Blood sampling and biomarker analysis
After an overnight fast, blood samples were collected into tubes containing silica gel for serum separation. Tubes were kept at room temperature for at least 30 min before centrifugation at 1,400 g and 4 °C for
DNA Extraction and library preparation
Fecal samples were stored at −80 °C prior to assessment of the intestinal microbiome via shallow shotgun sequencing. DNA was extracted using the QIAGEN DNeasy PowerSoil Pro Kit, following the manufacturer’s instructions. DNA concentrations were measured using a Qubit 4 fluorometer with the Qubit™ dsDNA HS Assay Kit (Thermo Fisher Scientific).

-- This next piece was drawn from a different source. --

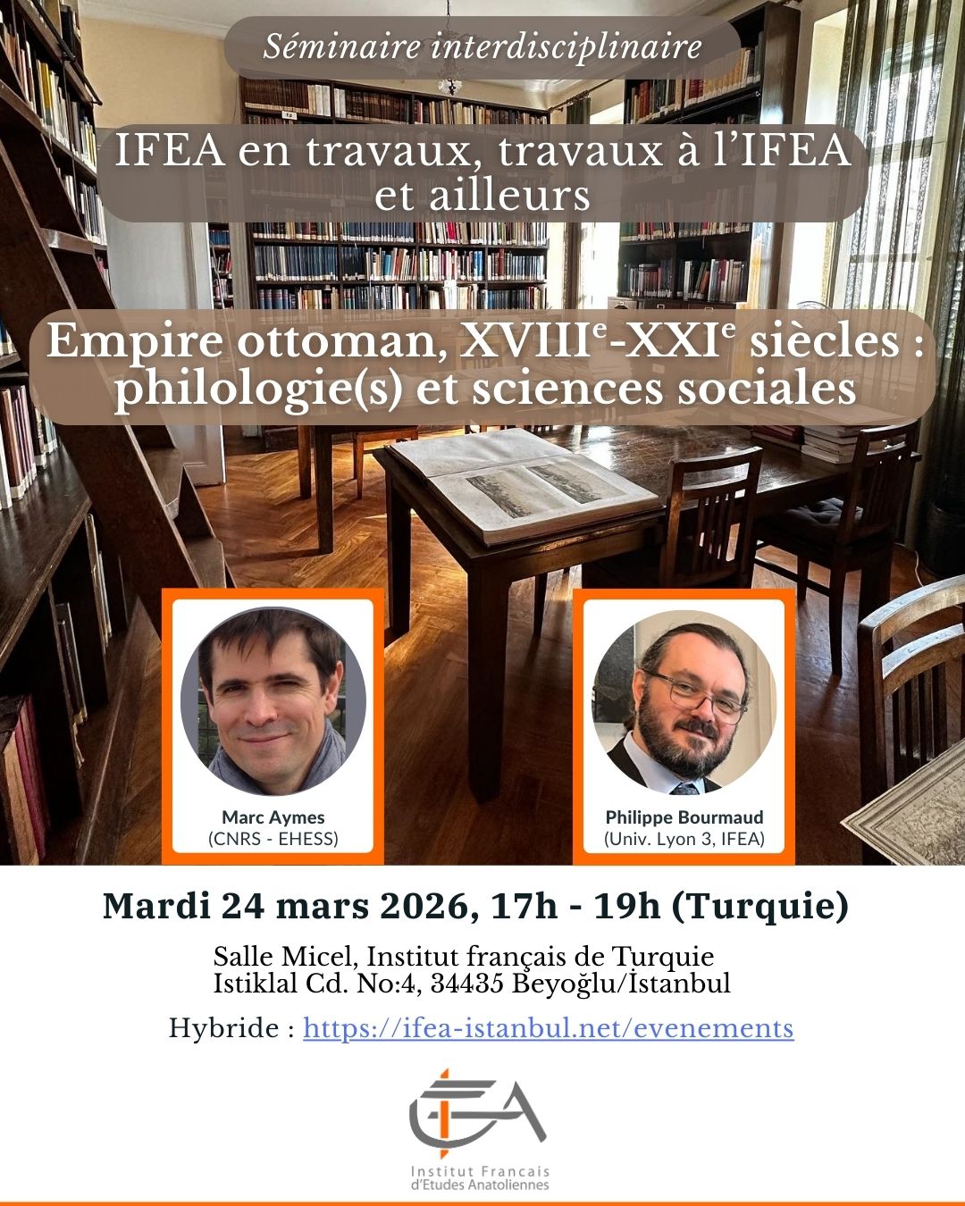 L’idée de ce séminaire interdisciplinaire, ouvert aux chercheurs de tous horizons comme au large public, est de mettre en lumière la richesse des parcours et des travaux menés à l’IFEA et ailleurs dans le champ des études turques. Chaque séance permettra d’approfondir l’histoire de l’IFEA à travers la présentation des trajectoires académiques et culturelles de nos intervenants – enseignants-chercheurs, traducteurs, écrivains ou encore diplomate – tout en ouvrant une réflexion commune sur l’avenir de ces métiers en lien avec les études turques à l’ère des humanités numériques et de l’IA.

DNA libraries were prepared using the Nextera XT DNA Library Preparation Kit (Illumina) and Nextera Index Kit (Illumina), with 1 ng total DNA input. Genomic DNA was fragmented using the Illumina Nextera XT fragmentation enzyme in proportion to the input DNA. Combinatorial dual indexes were added to each sample, followed by 12 polymerase chain reaction (PCR) cycles to construct the libraries. Libraries were purified with AMpure magnetic beads (Beckman Coulter) and eluted in QIAGEN EB buffer. DNA concentrations were quantified using the Qubit 4 fluorometer and Qubit™ dsDNA HS Assay Kit. Sequencing was performed on an Illumina HiSeq X platform (2x150bp). The resulting FASTQ files have been deposited in the European Nucleotide Archive (ENA) of the European Bioinformatics Institute under accession code PRJEB76236.
Bioinformatics analysis
Raw sequencing reads obtained from the Illumina HiSeq X platform totaled 150,728,010 (mean: 742,503; median: 665,186). After quality control, the number of reads decreased to 149,135,812 (mean: 734,659; median: 658,103). Quality-filtered reads were processed using the bioBakery pipeline[22], starting with cleaning by KneadData, a tool designed for quality control and filtering of sequencing reads. From the filtered sequences, paired-end reads (R1 and R2) were combined, and microbial community profiling was performed using MetaPhlAn 3 with the Chocophlan full database. Subsequently, the HMP Unified Metabolic Analysis Network v.3 (HUMAnN 3) was applied to characterize the metabolic potential of the microbial communities. Data were normalized to counts per million, following bioBakery recommendations.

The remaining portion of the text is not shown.